Instructions to follow:
For this exercise, the lines from the one with "The appearance of" through the end of the material below must be output exactly, without pictures.

[Data — start]

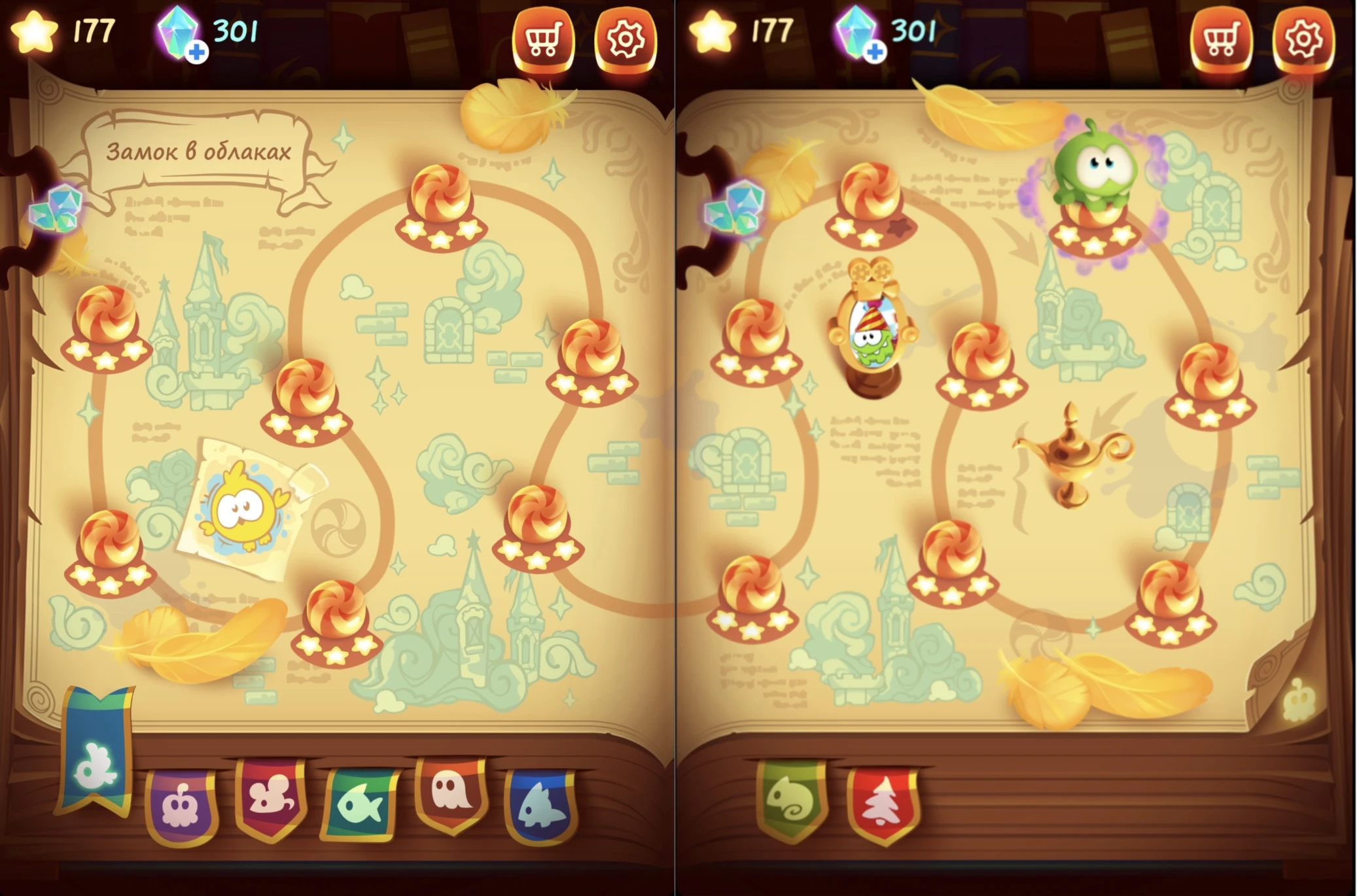 - Уровень 1.3. — на этом уровне впервые появляется первое превращение Ам Няма — Птица.
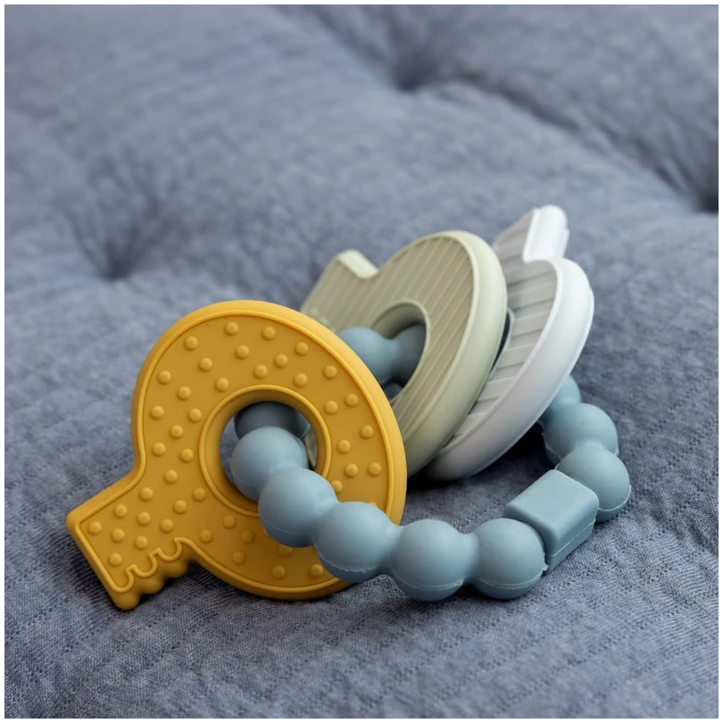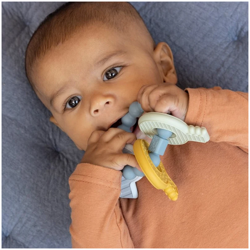 The appearance of the first teeth is a milestone but not always comfortable for your baby. To soften the pain we have created this multifunctional teething toy in the shape of a keychain. It is multifunctional: it’s a fun toy and it will provide soothing comfort and helps stimulate the eruption of your baby’s new teeth. The keychain has different textures which makes it challenging for you baby to chew on. It’s specially designed for little fingers to grasp!
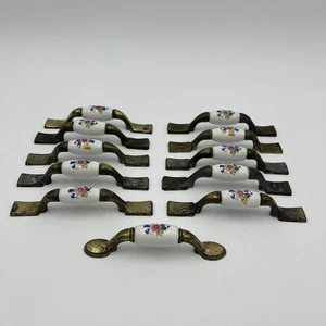 Set Of 11 Vintage Porcelain Flower Floral Gold Tone drawer pulls 5” READ

[Data — finish]

Result of the exercise:
 The appearance of the first teeth is a milestone but not always comfortable for your baby. To soften the pain we have created this multifunctional teething toy in the shape of a keychain. It is multifunctional: it’s a fun toy and it will provide soothing comfort and helps stimulate the eruption of your baby’s new teeth. The keychain has different textures which makes it challenging for you baby to chew on. It’s specially designed for little fingers to grasp!
 Set Of 11 Vintage Porcelain Flower Floral Gold Tone drawer pulls 5” READ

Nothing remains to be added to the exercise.